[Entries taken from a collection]
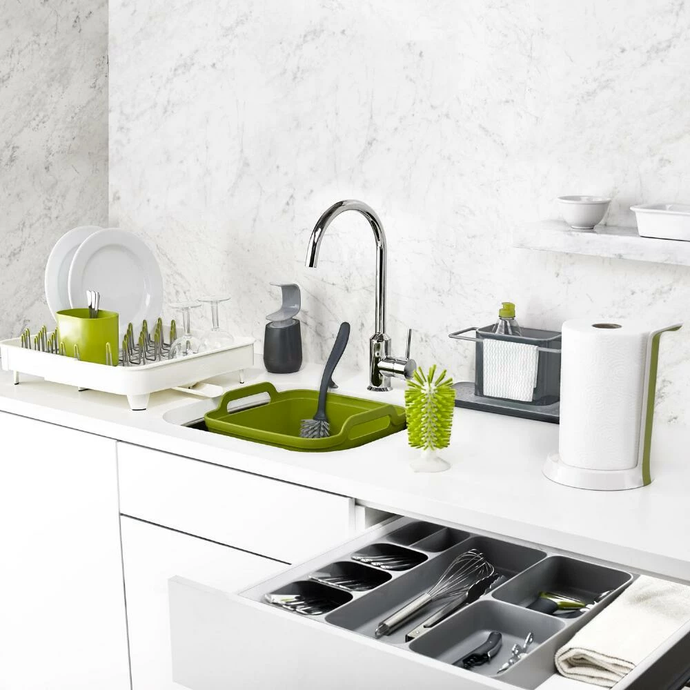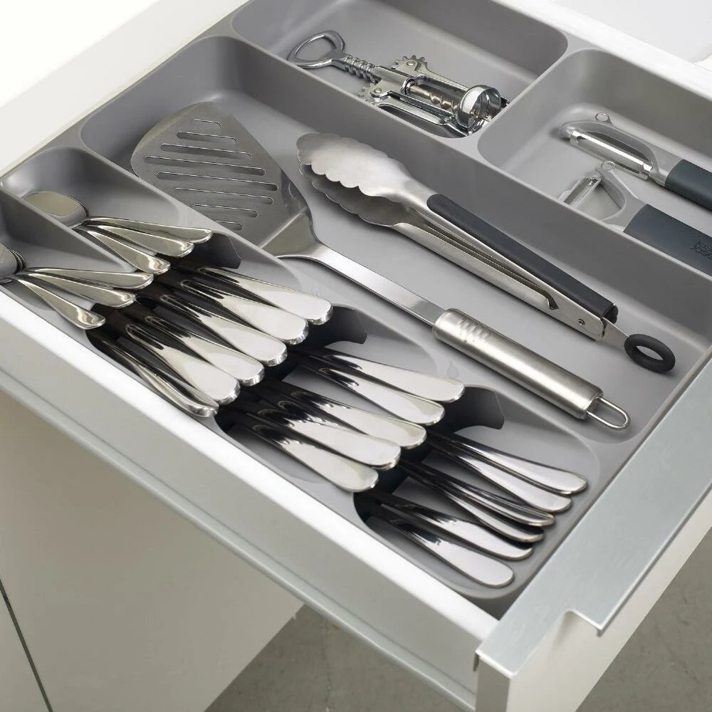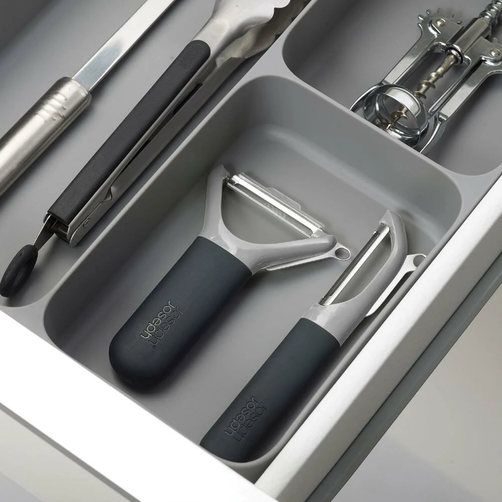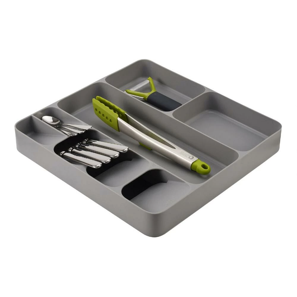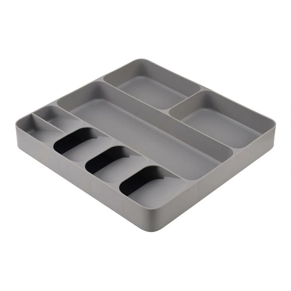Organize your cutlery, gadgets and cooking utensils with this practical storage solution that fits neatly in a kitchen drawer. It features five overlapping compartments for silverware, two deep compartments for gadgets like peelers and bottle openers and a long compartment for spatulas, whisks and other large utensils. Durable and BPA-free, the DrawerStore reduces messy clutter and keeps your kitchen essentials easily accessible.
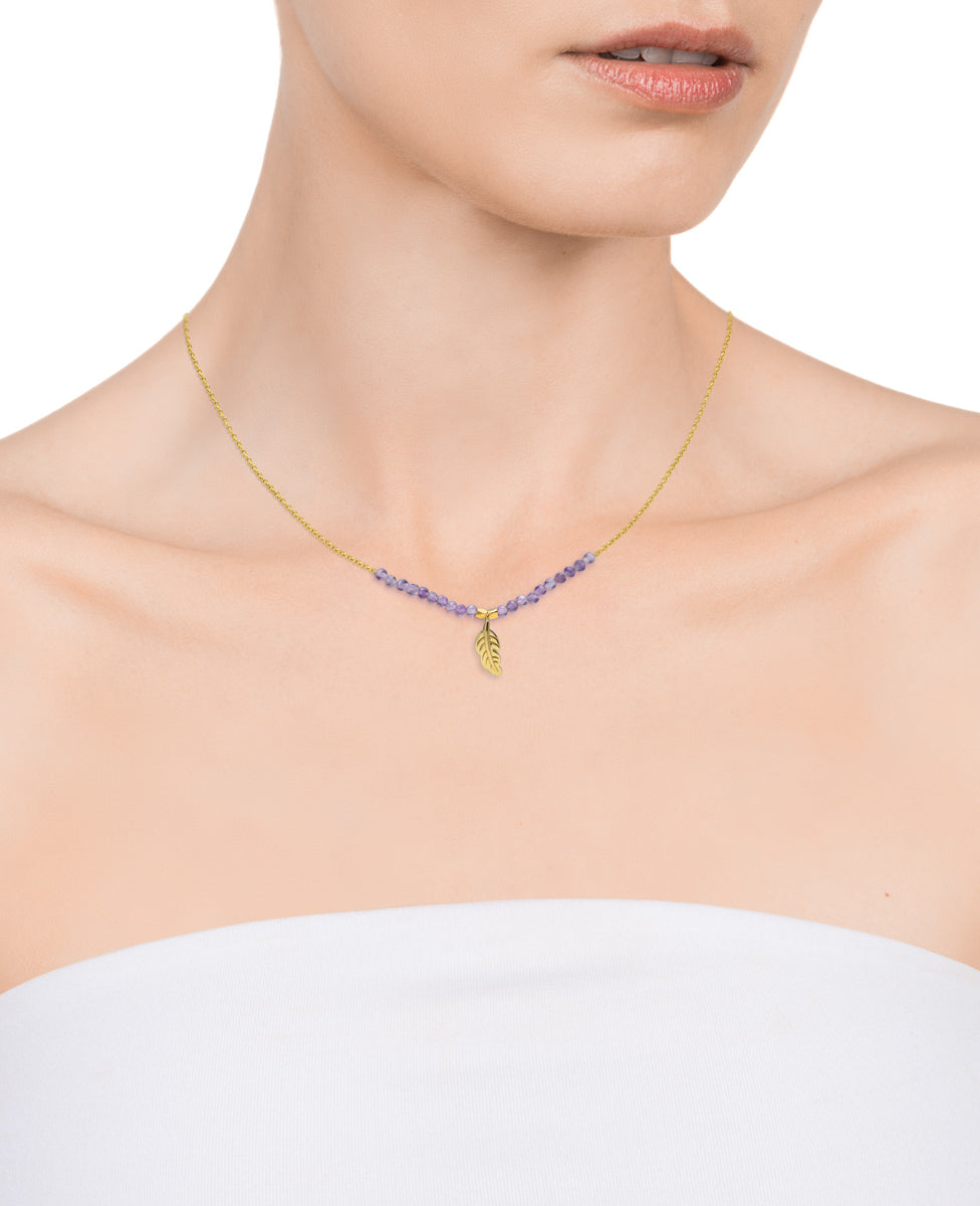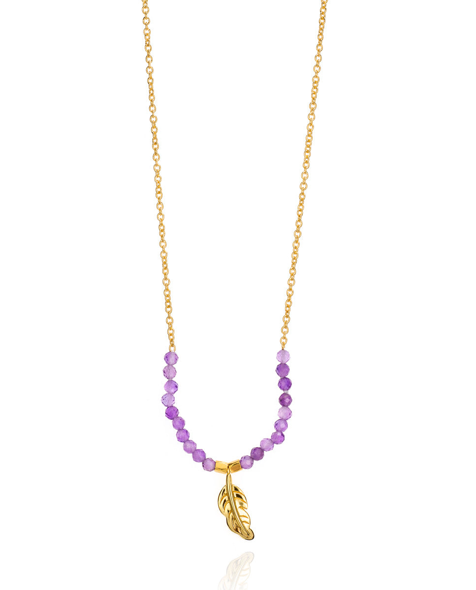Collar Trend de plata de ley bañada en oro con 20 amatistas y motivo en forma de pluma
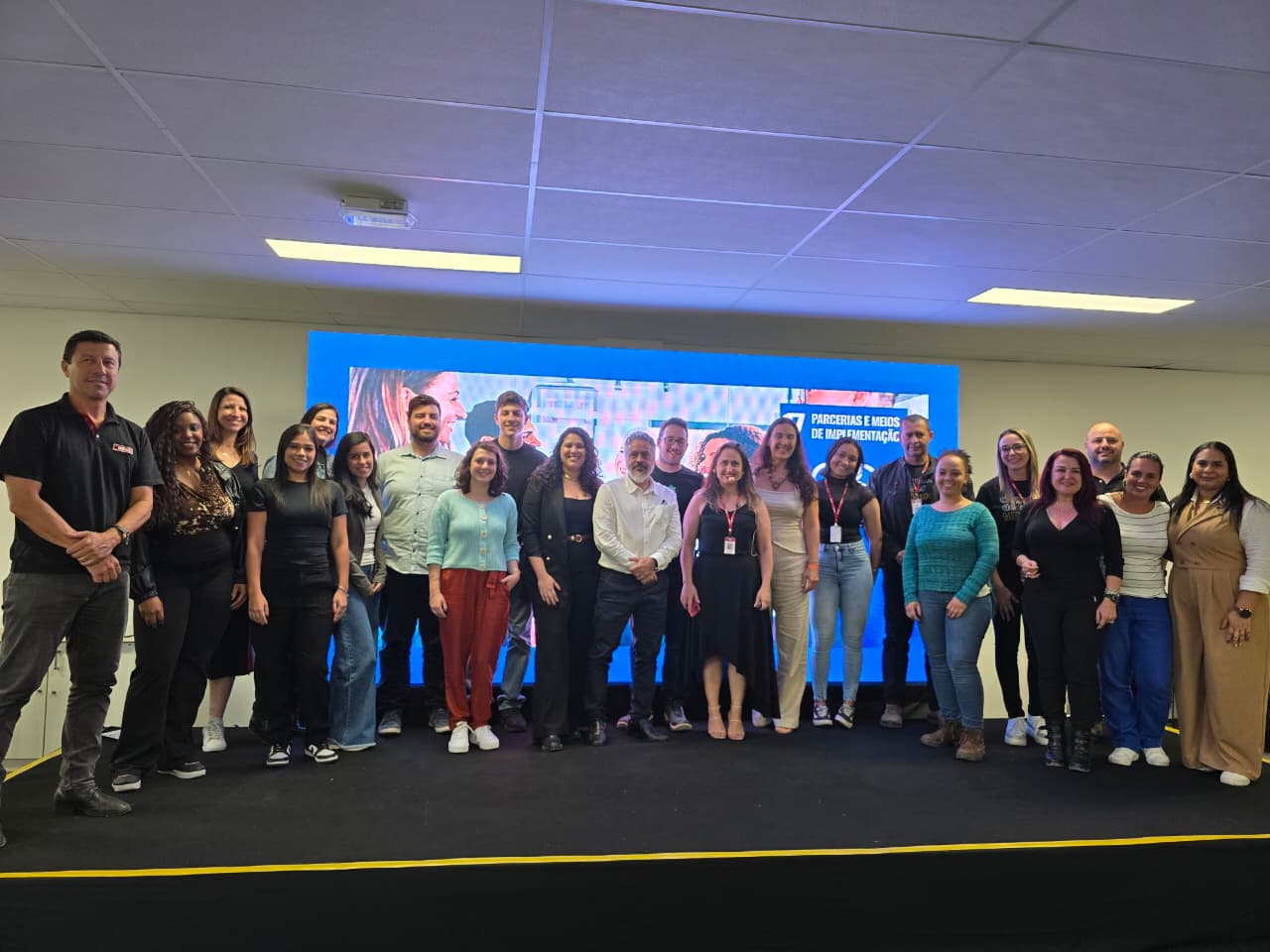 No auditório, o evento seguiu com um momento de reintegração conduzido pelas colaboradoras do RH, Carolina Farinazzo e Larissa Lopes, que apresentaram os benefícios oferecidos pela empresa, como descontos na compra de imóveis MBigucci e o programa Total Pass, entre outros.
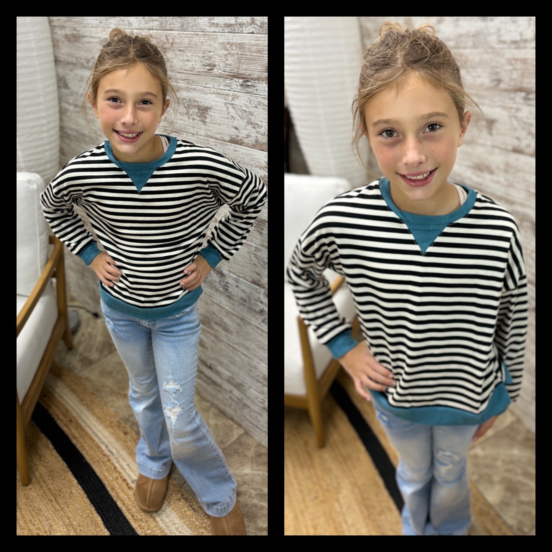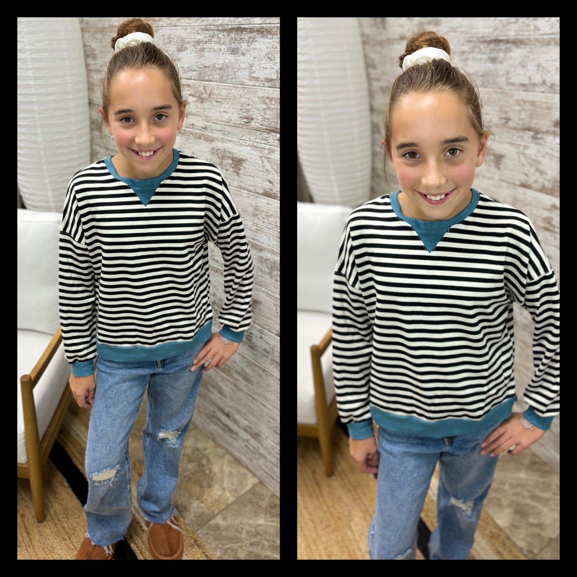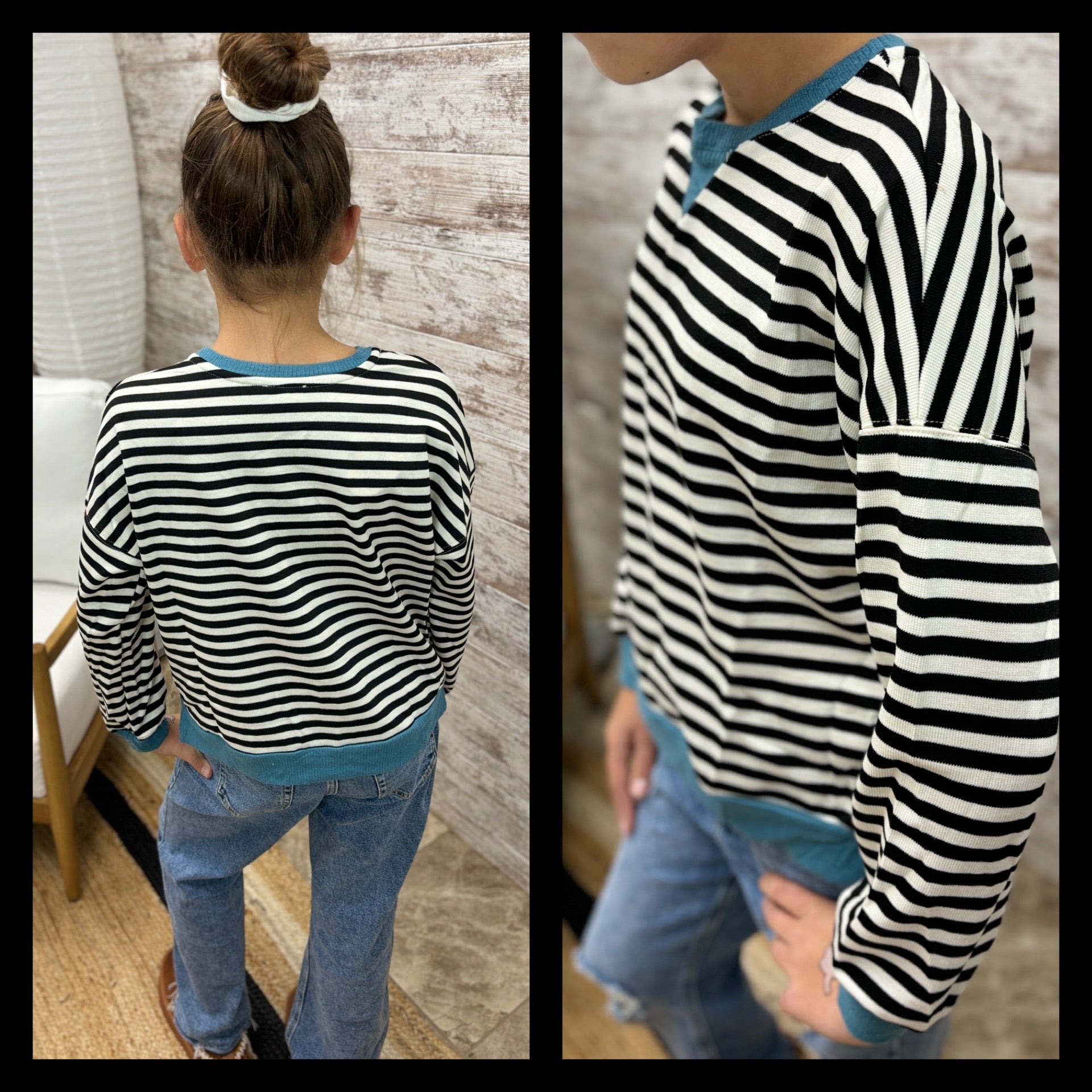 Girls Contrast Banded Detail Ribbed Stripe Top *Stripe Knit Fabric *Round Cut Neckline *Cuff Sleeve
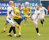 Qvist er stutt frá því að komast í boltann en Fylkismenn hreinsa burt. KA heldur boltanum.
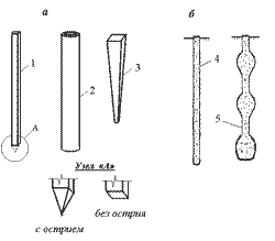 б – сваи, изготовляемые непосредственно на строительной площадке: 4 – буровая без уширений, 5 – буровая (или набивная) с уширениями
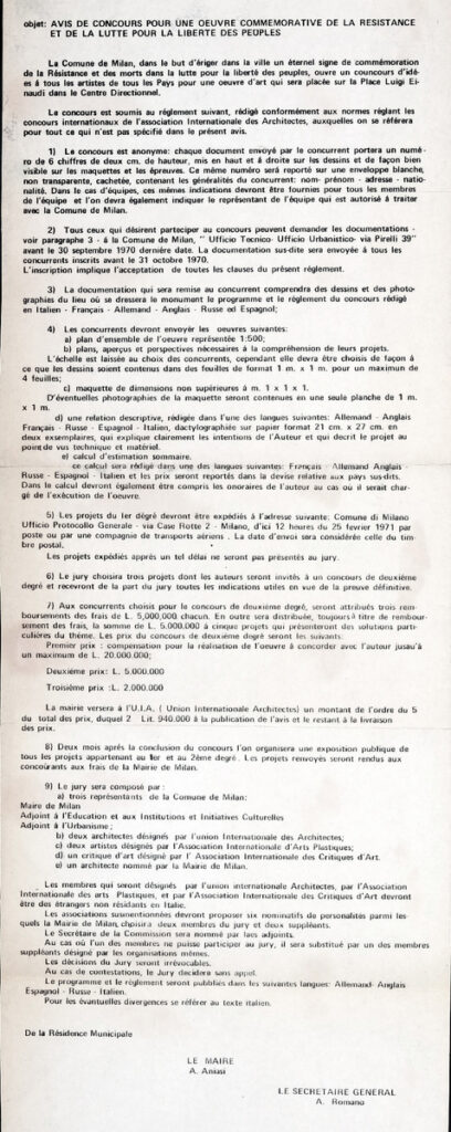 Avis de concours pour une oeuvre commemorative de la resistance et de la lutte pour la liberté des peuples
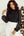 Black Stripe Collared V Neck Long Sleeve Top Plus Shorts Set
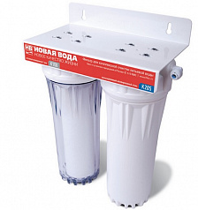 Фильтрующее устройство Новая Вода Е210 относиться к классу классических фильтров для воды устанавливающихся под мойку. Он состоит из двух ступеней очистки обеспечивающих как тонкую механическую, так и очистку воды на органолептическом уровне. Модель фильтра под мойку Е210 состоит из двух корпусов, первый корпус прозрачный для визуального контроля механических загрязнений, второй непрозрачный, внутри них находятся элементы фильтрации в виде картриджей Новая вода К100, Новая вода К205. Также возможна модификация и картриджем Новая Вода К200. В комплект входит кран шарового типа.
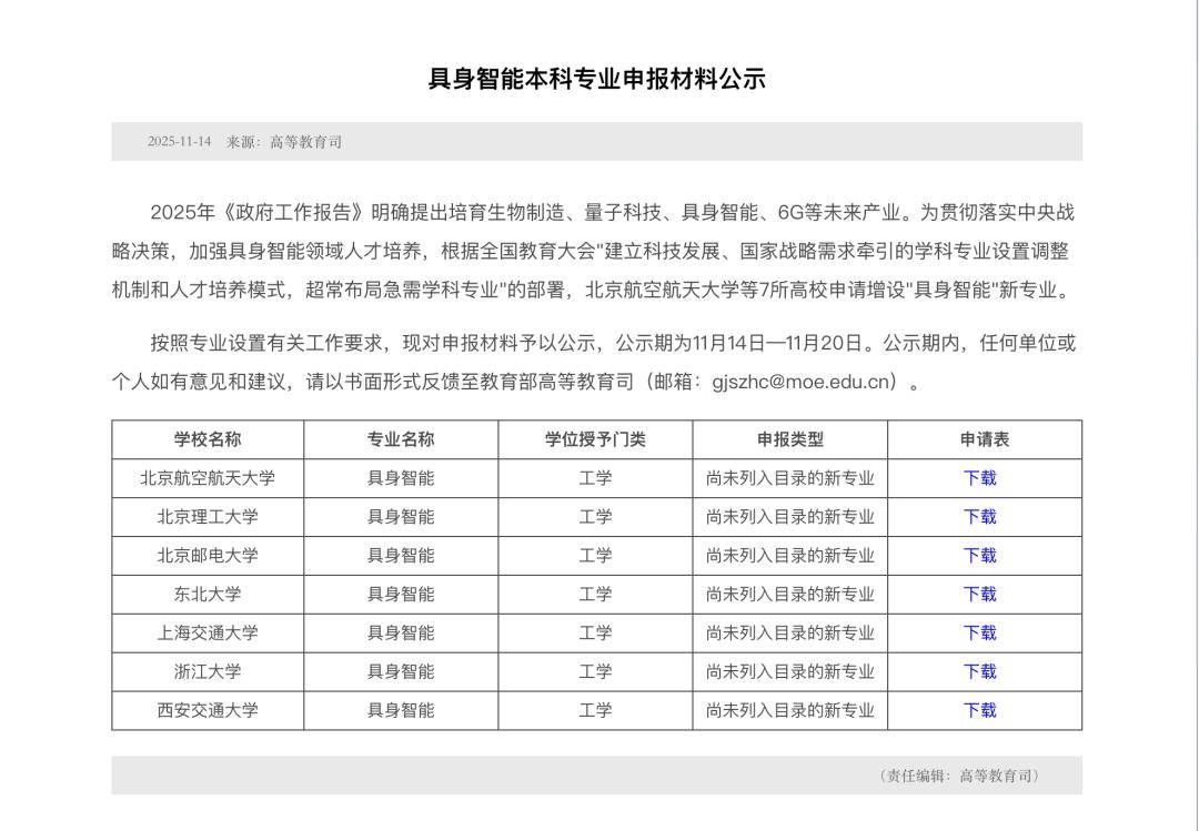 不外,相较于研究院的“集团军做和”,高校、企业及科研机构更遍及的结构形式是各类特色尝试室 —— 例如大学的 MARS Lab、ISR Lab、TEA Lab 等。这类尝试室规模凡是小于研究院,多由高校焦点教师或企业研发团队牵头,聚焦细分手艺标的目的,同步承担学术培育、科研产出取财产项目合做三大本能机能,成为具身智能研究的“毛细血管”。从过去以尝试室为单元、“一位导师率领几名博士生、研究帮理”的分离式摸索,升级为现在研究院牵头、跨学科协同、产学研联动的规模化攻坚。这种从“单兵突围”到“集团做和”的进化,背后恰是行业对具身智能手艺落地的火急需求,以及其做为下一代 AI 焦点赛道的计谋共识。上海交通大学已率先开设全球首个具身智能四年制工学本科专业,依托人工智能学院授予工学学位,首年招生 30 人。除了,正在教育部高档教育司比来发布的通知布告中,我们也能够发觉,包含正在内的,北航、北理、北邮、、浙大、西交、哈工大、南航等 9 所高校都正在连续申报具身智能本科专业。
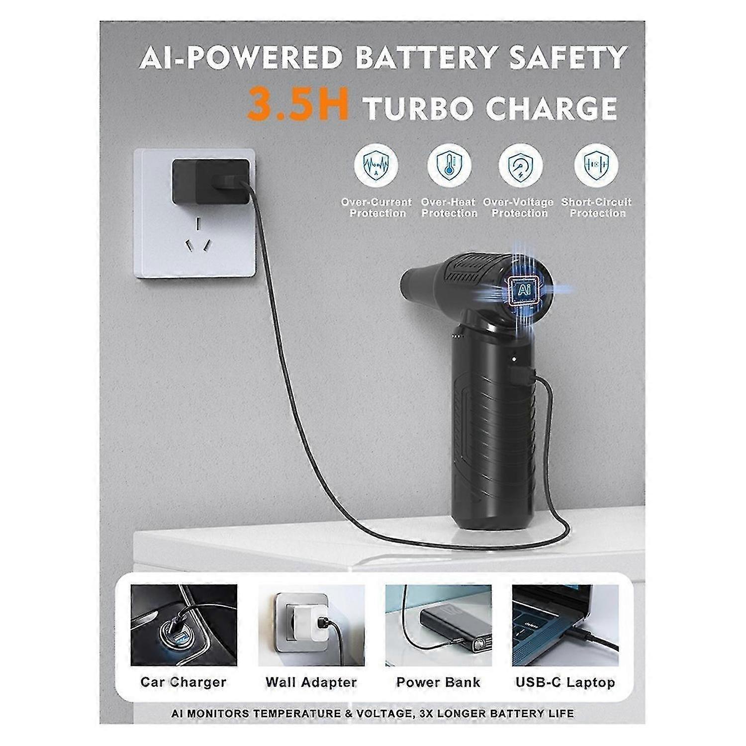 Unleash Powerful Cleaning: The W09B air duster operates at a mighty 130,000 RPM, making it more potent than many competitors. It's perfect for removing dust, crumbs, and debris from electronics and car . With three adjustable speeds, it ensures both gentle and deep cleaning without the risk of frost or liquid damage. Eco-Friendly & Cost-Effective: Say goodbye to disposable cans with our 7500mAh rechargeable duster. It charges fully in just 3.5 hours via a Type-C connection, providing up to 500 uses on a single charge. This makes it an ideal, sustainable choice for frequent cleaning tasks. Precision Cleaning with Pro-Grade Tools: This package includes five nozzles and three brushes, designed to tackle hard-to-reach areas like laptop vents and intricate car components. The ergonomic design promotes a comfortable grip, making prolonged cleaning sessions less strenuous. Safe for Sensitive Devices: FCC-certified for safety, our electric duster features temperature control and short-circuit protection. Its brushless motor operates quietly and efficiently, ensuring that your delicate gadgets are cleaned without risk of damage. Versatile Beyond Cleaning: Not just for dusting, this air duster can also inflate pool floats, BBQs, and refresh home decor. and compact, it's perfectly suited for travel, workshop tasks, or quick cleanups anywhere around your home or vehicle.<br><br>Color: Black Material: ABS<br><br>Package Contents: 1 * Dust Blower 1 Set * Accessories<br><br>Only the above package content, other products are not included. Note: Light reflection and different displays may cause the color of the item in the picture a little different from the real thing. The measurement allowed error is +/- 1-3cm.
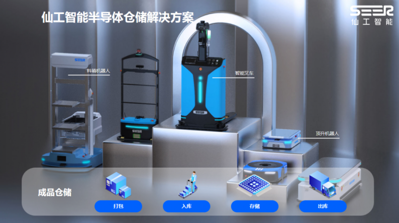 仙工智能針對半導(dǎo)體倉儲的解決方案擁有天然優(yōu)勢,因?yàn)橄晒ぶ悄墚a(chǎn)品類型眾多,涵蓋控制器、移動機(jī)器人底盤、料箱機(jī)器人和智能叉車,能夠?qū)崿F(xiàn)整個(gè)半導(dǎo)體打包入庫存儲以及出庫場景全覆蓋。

(WORK INSTRUCTION) Taking the entries above, copy word for word the lines from the one with "Avis de concours" up to and including the one with "Фильтрующее устройство Новая", without any picture.

(TASK RESPONSE)
 Avis de concours pour une oeuvre commemorative de la resistance et de la lutte pour la liberté des peuples
 Black Stripe Collared V Neck Long Sleeve Top Plus Shorts Set
 Фильтрующее устройство Новая Вода Е210 относиться к классу классических фильтров для воды устанавливающихся под мойку. Он состоит из двух ступеней очистки обеспечивающих как тонкую механическую, так и очистку воды на органолептическом уровне. Модель фильтра под мойку Е210 состоит из двух корпусов, первый корпус прозрачный для визуального контроля механических загрязнений, второй непрозрачный, внутри них находятся элементы фильтрации в виде картриджей Новая вода К100, Новая вода К205. Также возможна модификация и картриджем Новая Вода К200. В комплект входит кран шарового типа.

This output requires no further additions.